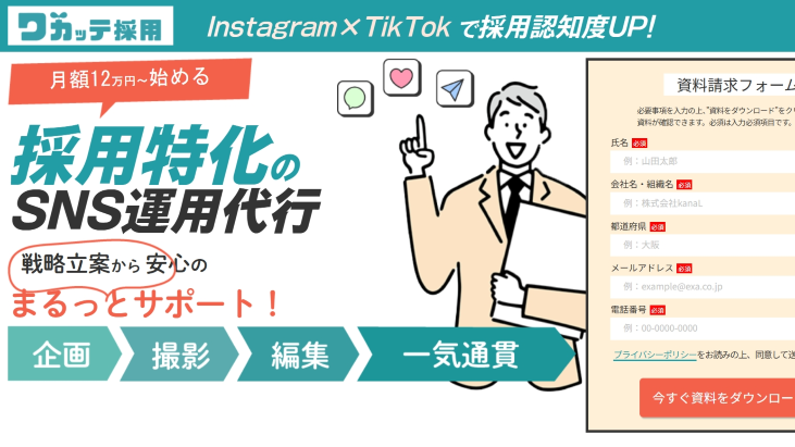 株式会社kanaLの「ワカッテ採用」は、TikTok・Instagramの同時運用とSNS広告の活用で、全国に拠点がない特定地域での採用成果を最大化する採用に特化したSNS運用代行サービスです。
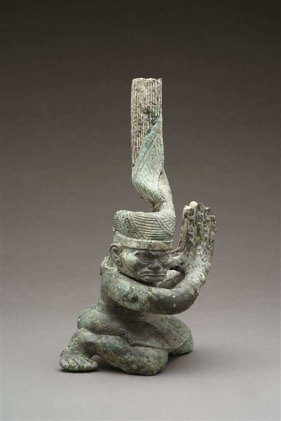 ■四川广汉市三星堆商代遗址四号坑出土扭头跪坐铜人像(资料图)。
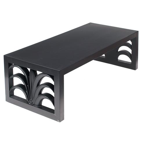 T.H. Robsjohn-Gibbings coffee table, by Widdicomb, rectangular form in ebonized wood with decorative carving to ends, refinished, 48"w x 22"d x 15.75"h, very good condition
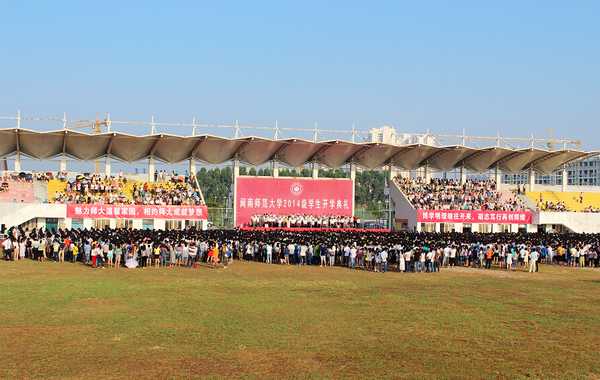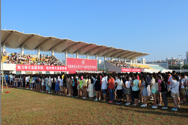 9月9日上午,来自全国各地的5000多名2014级新生怀着喜悦而激动的心情,相聚在达理运动场,参加我校2014级新生开学典礼。在家校领导林晓峰、吴彬镪、肖庆伟、李顺兴、何绍福、蒋一婷、黄来渊,我校校友、漳州市政协副主席李惜真,原漳州师范学院院长康锦堂,校长助理林静华,以及校相关部处负责人及各学院领导、全体机关、教辅单位工作人员,全体政工干部,各学院教研室负责人、办公室负责人、离退休教师代表、承担2014级新生课程的任课教师、闽南师大附属小学教师代表以及漳州校友代表参加典礼,共同掀开新一批闽南师大人新的人生篇章。大会由校党委副书记吴彬镪主持。
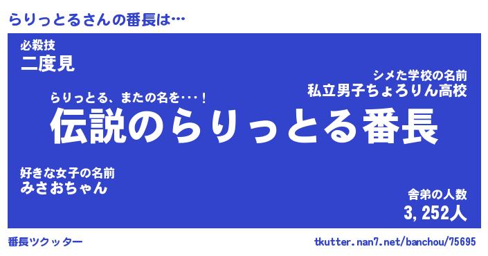 | 伝説のあだ名 | 『伝説のスナイパーらりっとる』 |
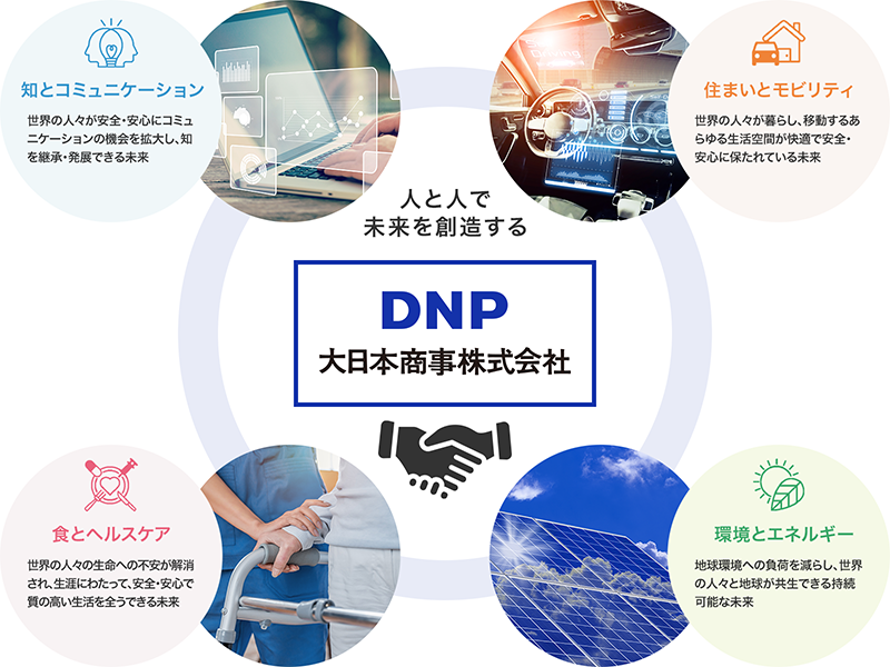 大日本商事はDNPグループが掲げる4つの成長領域、「知とコミュニケーション」「住まいとモビリティ」「食とヘルスケア」「環境とエネルギー」を軸に、国内はもちろん世界中の企業と有機的に連携し、あらゆるモノやサービスに新しい価値を与えるため、最良の原料や資材、加工品、製品を調達・供給するとともに、DNPグループの先進の技術力を活かした新素材・新製品の開発などに取り組んでいます。

★ ★ ★ ★ ★ ★ ★

Instructions to follow - Reproduce the lines from the line with "T.H. Robsjohn-Gibbings coffee" through the last line of the entries exactly, including both ends and excluding pictures.

Written solution -
 T.H. Robsjohn-Gibbings coffee table, by Widdicomb, rectangular form in ebonized wood with decorative carving to ends, refinished, 48"w x 22"d x 15.75"h, very good condition
 9月9日上午,来自全国各地的5000多名2014级新生怀着喜悦而激动的心情,相聚在达理运动场,参加我校2014级新生开学典礼。在家校领导林晓峰、吴彬镪、肖庆伟、李顺兴、何绍福、蒋一婷、黄来渊,我校校友、漳州市政协副主席李惜真,原漳州师范学院院长康锦堂,校长助理林静华,以及校相关部处负责人及各学院领导、全体机关、教辅单位工作人员,全体政工干部,各学院教研室负责人、办公室负责人、离退休教师代表、承担2014级新生课程的任课教师、闽南师大附属小学教师代表以及漳州校友代表参加典礼,共同掀开新一批闽南师大人新的人生篇章。大会由校党委副书记吴彬镪主持。
 | 伝説のあだ名 | 『伝説のスナイパーらりっとる』 |
 大日本商事はDNPグループが掲げる4つの成長領域、「知とコミュニケーション」「住まいとモビリティ」「食とヘルスケア」「環境とエネルギー」を軸に、国内はもちろん世界中の企業と有機的に連携し、あらゆるモノやサービスに新しい価値を与えるため、最良の原料や資材、加工品、製品を調達・供給するとともに、DNPグループの先進の技術力を活かした新素材・新製品の開発などに取り組んでいます。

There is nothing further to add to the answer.